Конечно, на стене в бункере висел экран и стоял проектор. Маршал опустился в кресло, вытянул ноги на ковре и сцепил ступни, под голову привычным жестом сунул думку. Но к проектору его рука не тянулась, он смотрел на темный экран и все думал о Нинели. Что ж она от его дома-то захочет? Вряд ли понравятся ей комнаты покойной жены, да и не привыкла она жить в закрытом помещении. Может, все беседки и фонтаны придется снести, похерить всю аккуратность, а для Нинели выстроить голую дорогу с булыжниками, с репьями и крапивой, чтобы ходила и плакала вдоволь? Медика, видать, нужно наперед приискать серьезного психиатрического, чтобы поспокойнее-то пророчествовала, не так, чтобы слишком. Шалаш ей выстроить, а не то пещеру, как в скиту, заложить, чтобы ей там эти, как их, аскариды с медом. Дело понятное, человек она святой, икры жрать не станет даже с картошкой. Может, и от хлеба откажется. А то, может быть, родит первый пяток, да и оклемается. И будет у Ивистала тогда не дача-имение, а большой детский сад. Кто в песочек играет, кто по танку из игрушечного пистолета стреляет, кто за бабочкой с сачком бегает, а он, Ивистал, по саду тому ходит в свободный день и то того, то другого по головке гладит. А если пятна родимые вскочат на лице, как у папани, то ничего, в Париже мастера своего дела есть, что хошь сведут, не только что пятно, а всю рожу тебе наново сработают. А Париж мы к тому времени, Бог даст, уже возьмем. Не говоря уже про то, что Нинель слушать нужно внимательно, она ж будущее знает, ведь знает, стервь, все до точки. Слушать ее и слушать, день и ночь при ней магнитофон нараспашку держать, хоть во сне, хоть на унитазе разговаривает, ейное дело. Только чтобы все записывалось, расшифровывалось, коли очень уж темно заговорит или вовсе не по-русски, – и наутро каждым днем ему, Ивисталу, чтобы запись на руки. Да, еще для нянек-мамок тогда пристройки нужно будет сделать, большие, новые, двухэтажные. Много рук потребуется, ну, да не экономить же.

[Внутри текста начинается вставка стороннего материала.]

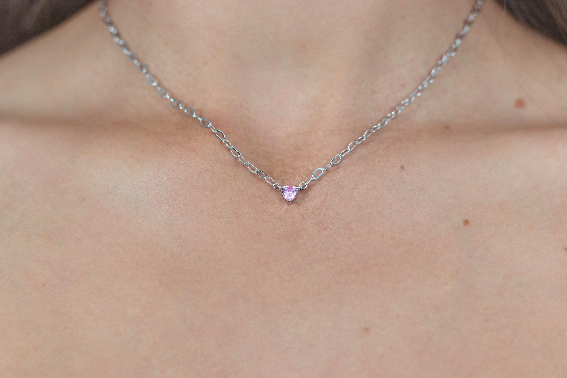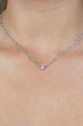 SWEETHEART HEART CHAIN NECKLACE PINK SILVER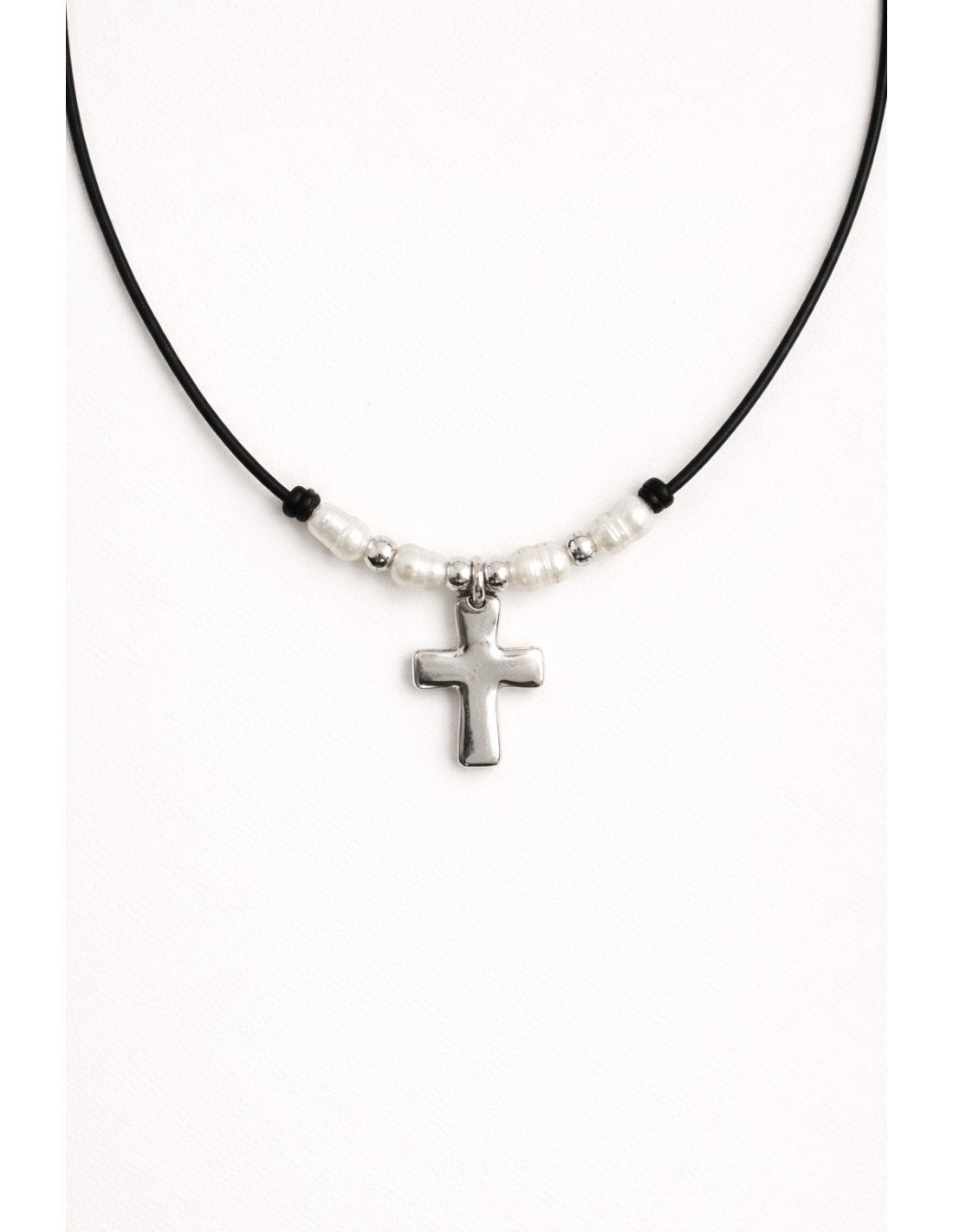 Collar Origen es un collar corto de cuero con bolas perladas y cruz lisa de 2,5 cm en baño de plata. Artesanal, elegante y delicado, aporta un toque de estilo y significado a tu look.

Механизм власти маршал в стране менять не собирался. Он понимал, что для того, чтобы пророчество Нинели оказалось верным, короноваться ему не обязательно, главного всегда на русской земле царем зовут. Пока, по крайней мере, не к спеху. К тому же не очень нужно афишировать тот факт, что жена у тебя татарка. Когда вот попривыкнут, почувствуют, насколько лучше и прекрасней жить стало оттого, что у власти стоит сильный человек, тогда, Бог поможет, коронуемся. Православие нам в государстве не повредит, заодно и татарку окрестить можно будет. И Европу, конечно же, тоже не забыть присоединить, до Ламанша дойдем пока – хватит на первое время. Пусть хоть эти русский выучат уже за одно то, что он, Ивистал, никаким другим разговаривать не умеет. А дальше поглядим: через океан нам, либо же в Азию. Никакого провала своему плану, как уже говорилось, маршал не предвидел, слишком долго он его готовил, слишком хорошо понимал, что нет иного пути у России – только под твердую, под царскую, под его собственную руку. Под руку маршала Ивистала Дуликова.

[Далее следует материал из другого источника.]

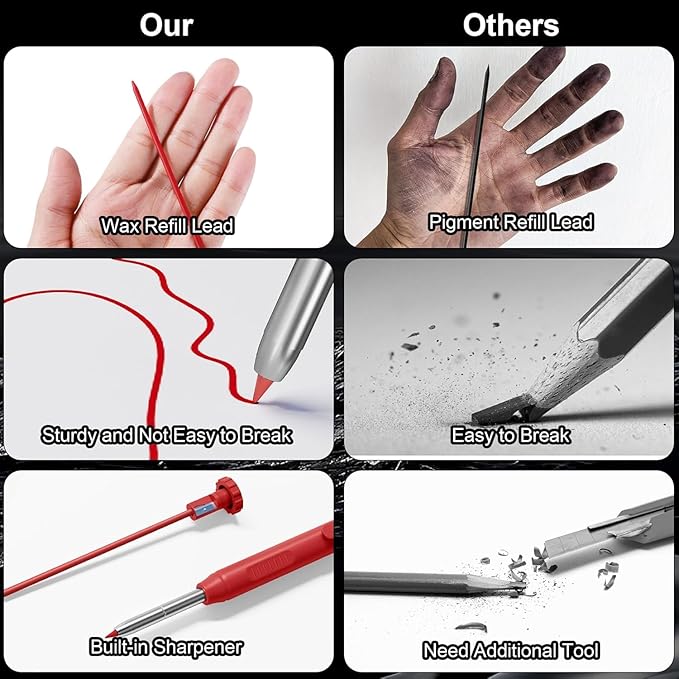 - Deep Hole Marker: The construction pencil has a 45 mm elongated tip design, which can reach narrow areas that other carpenter markers cannot reach for precise marking, improving woodworking efficiency and ensuring accuracy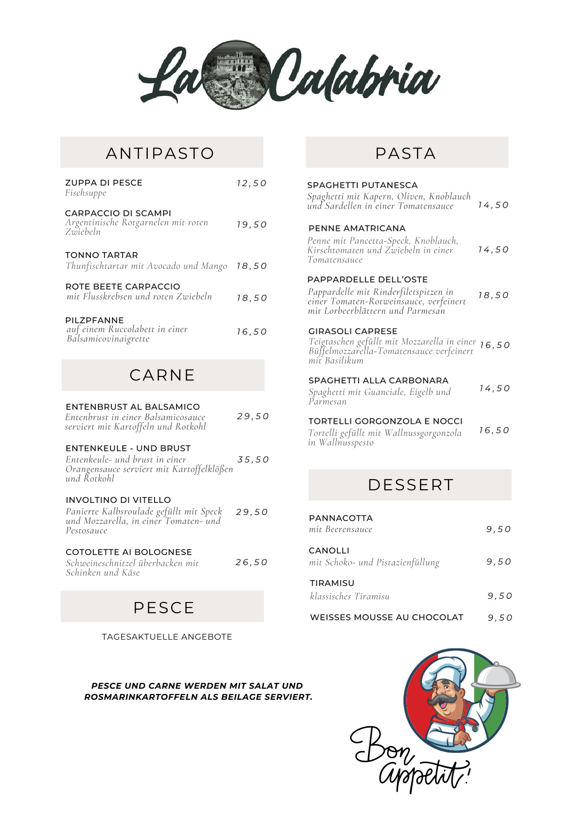 Kosten Sie zum Beispiel Scaloppina tutti Gusti, zarte Schweinemedaillons mit Sauce nach Wahl, oder Saltimbocca alla Romana, Kalbsmedaillons mit Parmaschinken in Salbeisauce.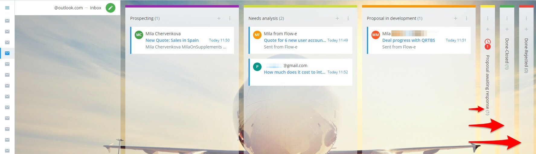 · Prospecting - This is the column where any prospect starts. An email turns into a Kanban card. Any opportunity here becomes qualified or is rejected.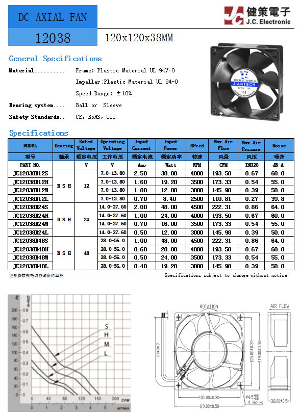 JC12038B12H 电压12V 功率19.2W 转速3500RPM 风量173.3CFM 静压0.54InchH2O 噪音值55dB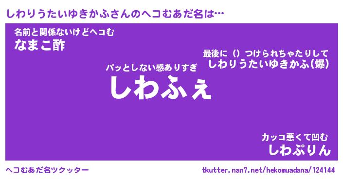 | 胡散臭い通販商品みたいなあだ名 | 『必ず成功する水晶球…その名も「しわりうたいゆきかふ」』 |

Рука маршала сама по себе потянулась к кинопроектору. В который уже раз вспыхнул на экране пейзаж кенийского заповедника, цепочка мыслей оборвалась, глаза впились в медленно меняющееся изображение, а на нижней губе стала набрякать и готовиться к падению капля густой слюны. Отказаться от привычек он был все же пока не в силах.

И все-таки с прошлым нужно будет рано или поздно порвать. Ибо теперь в его жизни появилось будущее. Само собой, в будущем этом – послушная и благодарная Россия. Но не только она. Не только. Будет и еще нечто.

Нинель.

19

Переводчик должен избегать словаря, не свойственного ему в обиходе, литературного притворства, заключающегося в переводе.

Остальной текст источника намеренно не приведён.